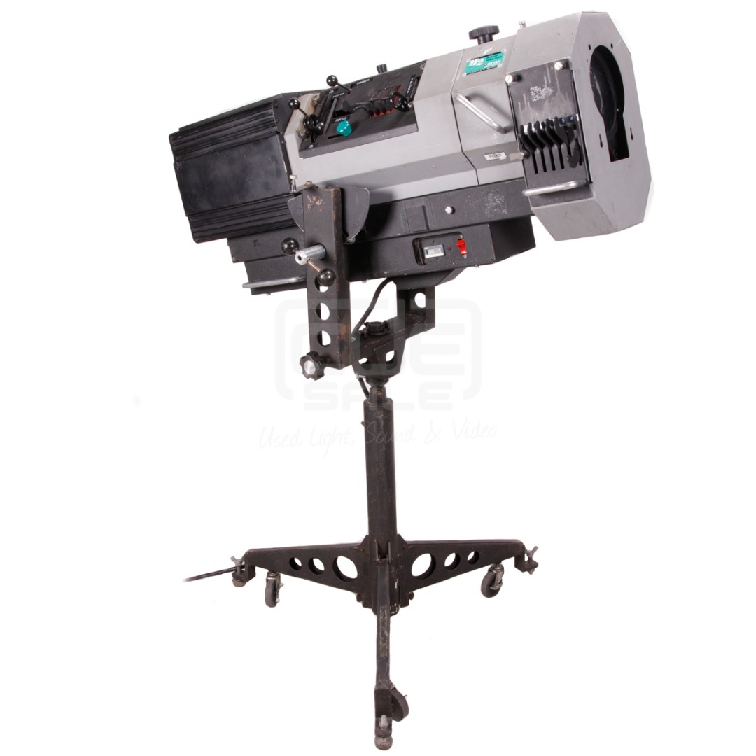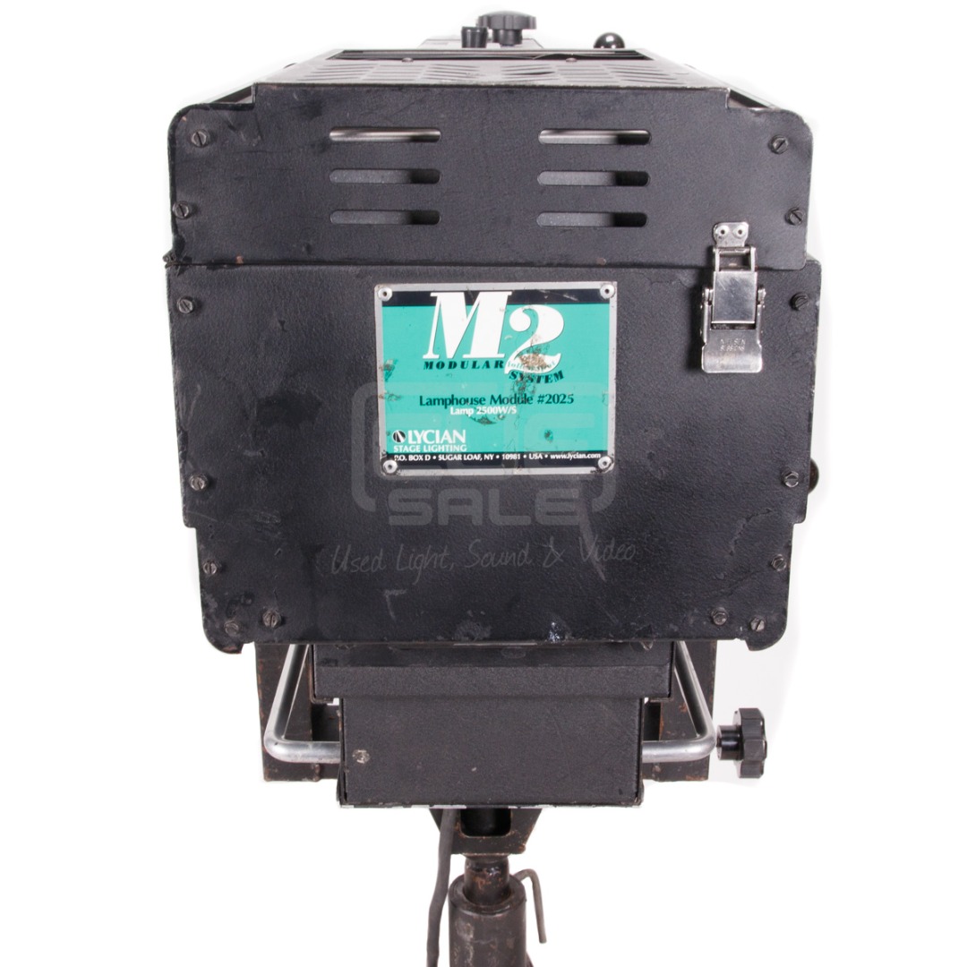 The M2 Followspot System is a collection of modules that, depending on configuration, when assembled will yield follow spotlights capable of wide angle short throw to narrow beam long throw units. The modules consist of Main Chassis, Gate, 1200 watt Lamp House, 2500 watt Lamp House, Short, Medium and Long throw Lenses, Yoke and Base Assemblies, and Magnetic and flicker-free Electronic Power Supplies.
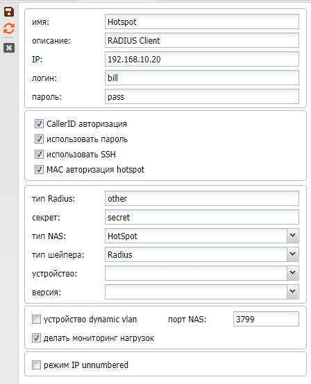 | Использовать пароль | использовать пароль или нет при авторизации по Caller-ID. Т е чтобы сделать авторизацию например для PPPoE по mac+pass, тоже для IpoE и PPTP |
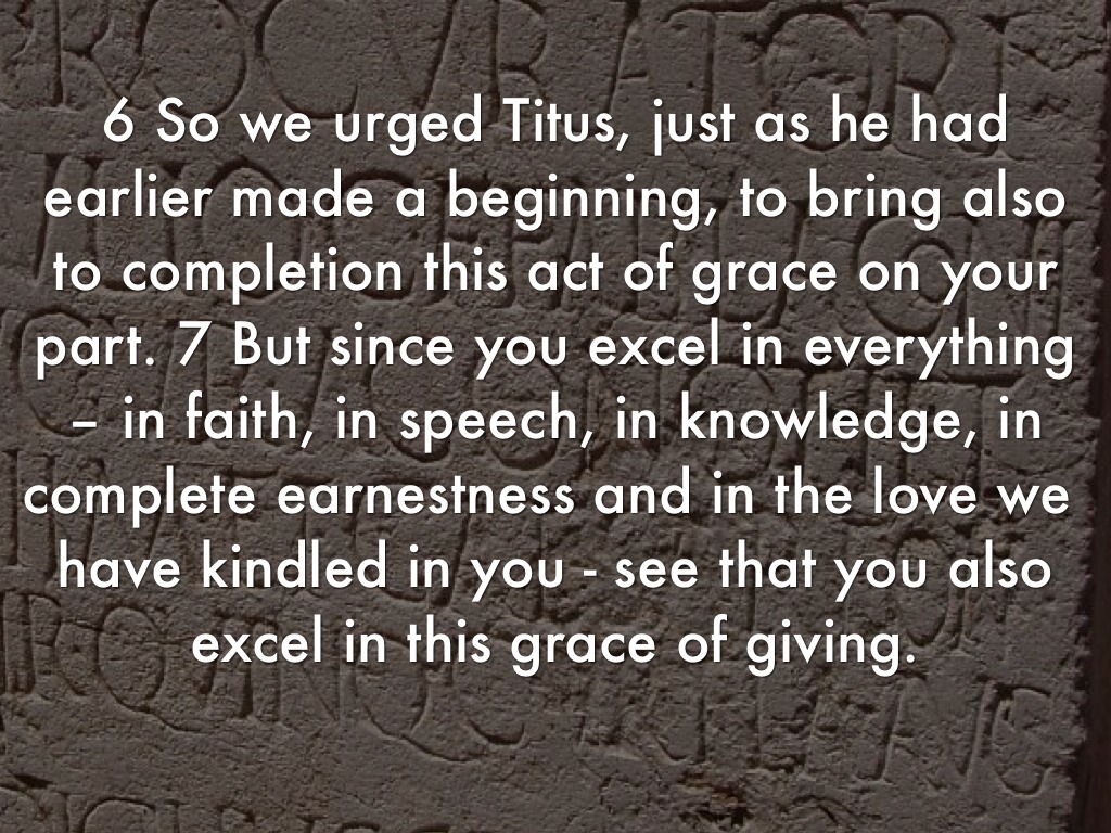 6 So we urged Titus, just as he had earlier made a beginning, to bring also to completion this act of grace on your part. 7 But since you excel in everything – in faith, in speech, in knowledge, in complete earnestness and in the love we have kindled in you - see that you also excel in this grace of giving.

== DIRECTIONS ==
Up to and including the line with "IpoE и PPTP |", copy the data above from its first line. Skip pictures.

== ANSWER BELOW ==
 The M2 Followspot System is a collection of modules that, depending on configuration, when assembled will yield follow spotlights capable of wide angle short throw to narrow beam long throw units. The modules consist of Main Chassis, Gate, 1200 watt Lamp House, 2500 watt Lamp House, Short, Medium and Long throw Lenses, Yoke and Base Assemblies, and Magnetic and flicker-free Electronic Power Supplies.
 | Использовать пароль | использовать пароль или нет при авторизации по Caller-ID. Т е чтобы сделать авторизацию например для PPPoE по mac+pass, тоже для IpoE и PPTP |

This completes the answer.